No shawl. I'm thinking of knitting the Hitofude cardigan.

https://www.ravelry.com/patterns/library/hitofude-cardigan

Ooh what did I learn? I spun these 6 (not completed the 6th, it still needs plying) over about a week. And it helped me with my consistency. The faster I went the more consistent I became. I have not spun in about 6 months and felt rusty. As I am using an espinner I was working with speed controls during the spinning and plying. So it is not quite the same as spinning on a regular wheel. I photographed my progress and made notes where I could improve I.e. which colours look good when plied together and which to avoid to prevent mud, as well as what caused certain issues. I measure my thickness every couple of yards and if it is too thin I break the fibre and rejoin it. I have a WPI guide on my lap so I can compare all the time. I so wish someone would put a good espinner course together. The one I have does not touch on much.

With the dyeing I decided random application worked better in this instance than placing colours more exactly. I dyed all the fibre at the same time and adjusted the amount of dyes used for each braid. I purposely left a lot of white spots, something I do not usually do. It created more shades of the colour instead of solid sections. I have found that a yarn often looks darker once spun than it is in the braid and I wanted to avoid that.
Each braid was assessed before I spun it by looking at the previous skein to see what I wanted to achieve ie smaller vs larger sections of a colour.

It has been a terrific learning experience and I have several pounds of merino left and am planning what I will do next.

Only time will tell if I have succeeded but it has been a fun journey and I will keep you posted. I would love to know from spinners who do this full time just how long it takes them to spin 100 g sport weight which is what I have ended up with.


----------



## desireeross (Jun 2, 2013)

gardenpoet said:


> You did really a great job. It hits home to me, for currently I am preparing five boards for paintings and trying to get a gradient background--really tough to do and that's just with paint. I can't imagine doing it with dye on fiber and then spinning to get the effect. It will be fun to watch your progress.

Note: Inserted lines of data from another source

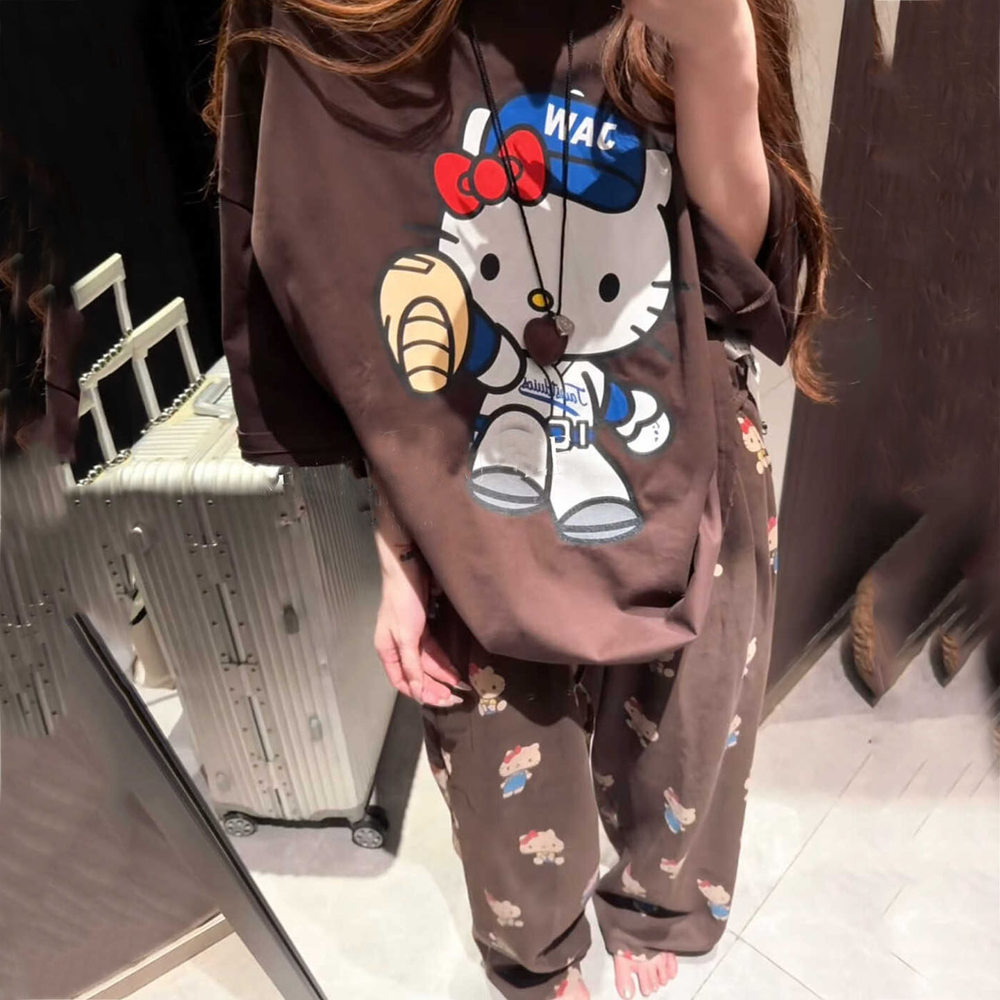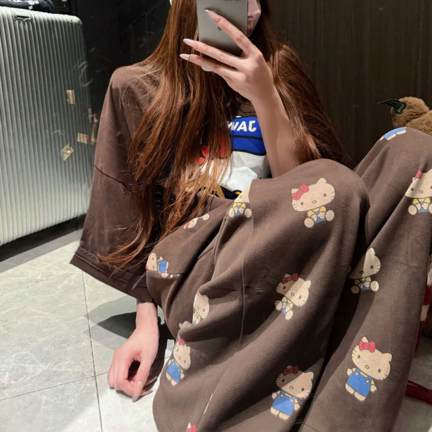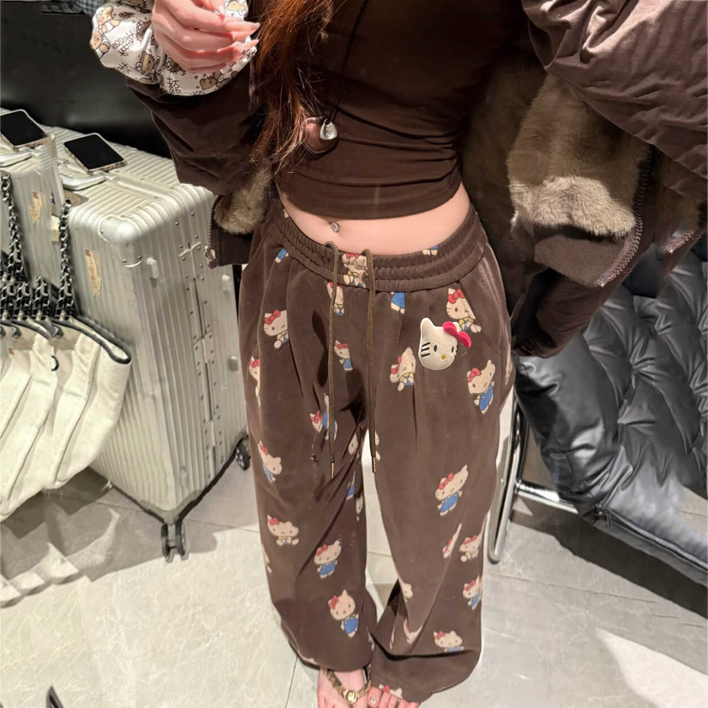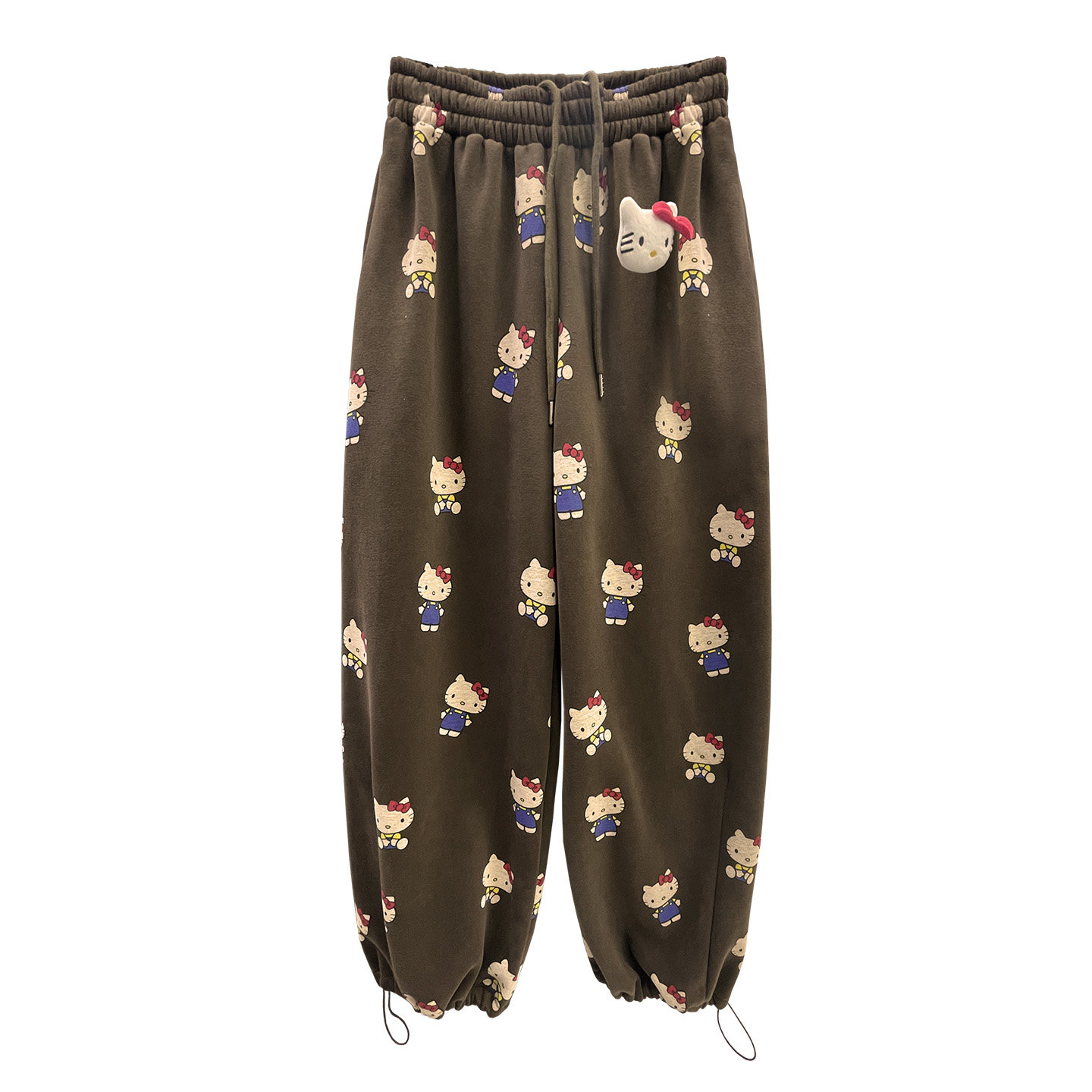 KT猫印花加绒加厚保暖卫裤女冬季高街慵懒阔腿抽绳两穿直筒束脚裤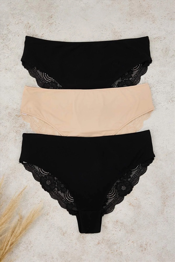 Çok Renkli Hipster Yüksek Bel 3'lü Paket Büyük Beden Külot TBBAW26CM00004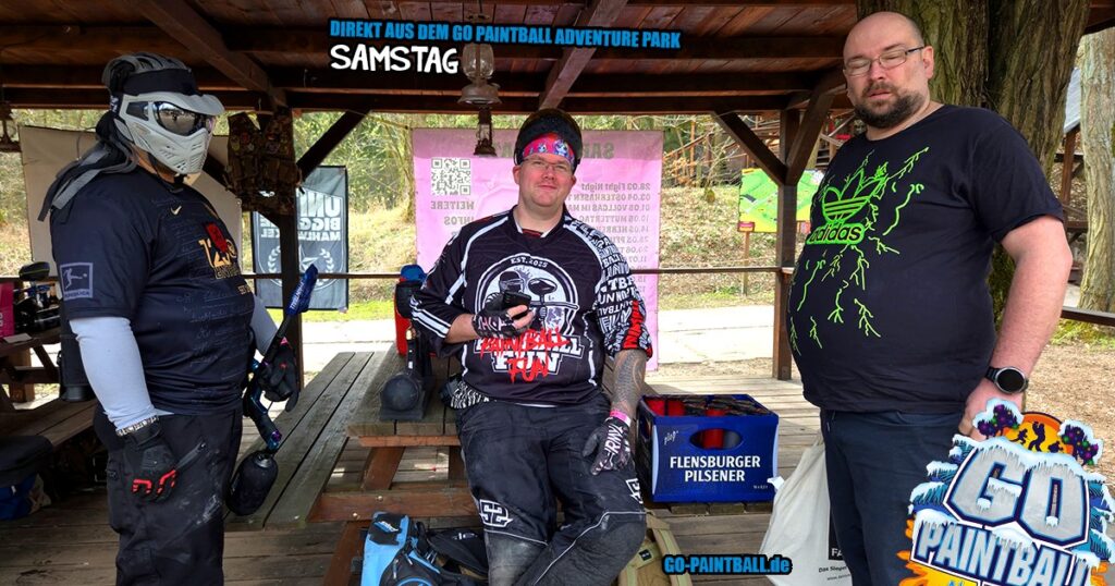 Paintball ist ein Outdoor-Sport — auch im Regen. Bei Unwetter oder Blitz pausieren wir kurz in der Lounge, danach geht’s weiter. Wir haben in 30 Jahren gelernt: Regen macht Paintball oft noch epischer.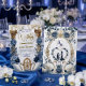 Set the tone for a timeless union with this regal design featuring classical architecture, romantic swans, and lush botanical details for your formal event.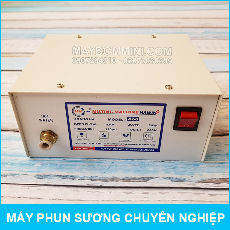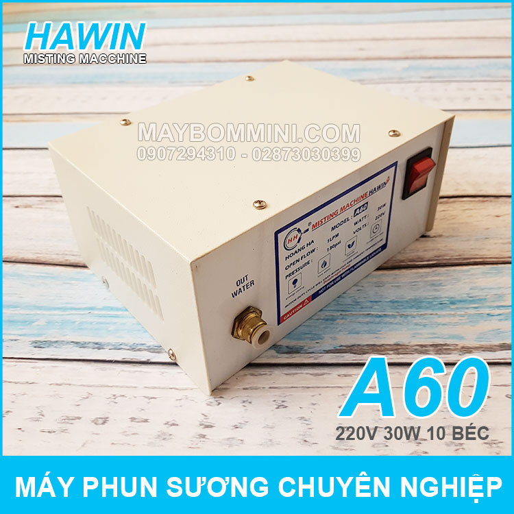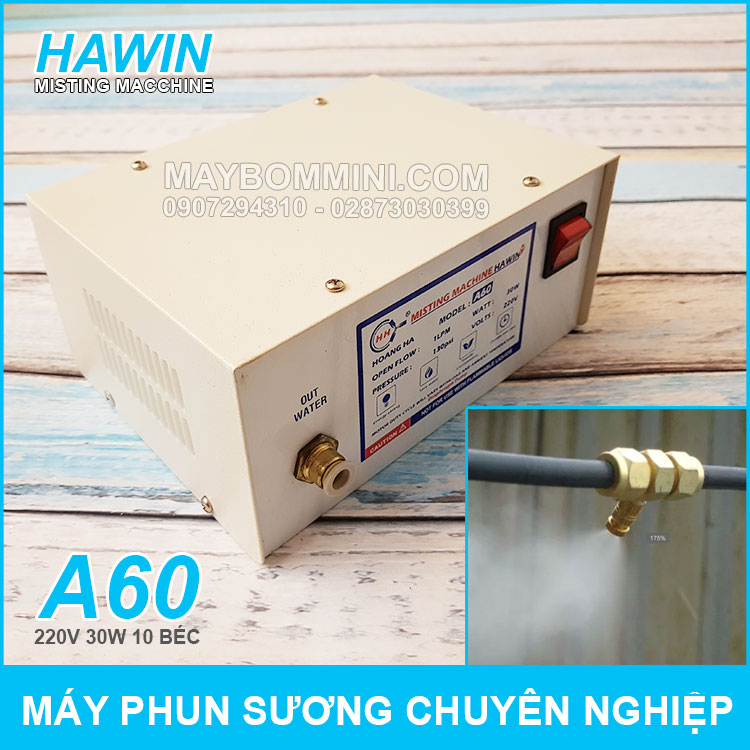 Chuyên phân phối chính hãng máy phun sương chuyên nghiệp 220V 30W 10 béc Hawin A60 giá tốt trên toàn quốc. Máy phun sương A60 thiết kế tích hợp rất tiện khi lắp đặt và sử dụng làm mát tưới cây cho gia đình và các quán cà phê.

I'm a painter as well and getting a gradient in fibre is way easier ! I used to paint in oils and alkyds and lots of wet on wet techniques but it was hard


----------



## BirchPoint (Feb 12, 2016)

desireeross said:


> No shawl. I'm thinking of knitting the Hitofude cardigan.
> 
> https://www.ravelry.com/patterns/library/hitofude-cardigan
> 
> ...


Wow, what a reply!! And just what we needed to see to show how hard and what work it takes to try to plan it out!!
That will be one LOVELY sweater! Show us as you progress!
:sm24:


----------



## spinninggill (Apr 9, 2011)

Love those colours


----------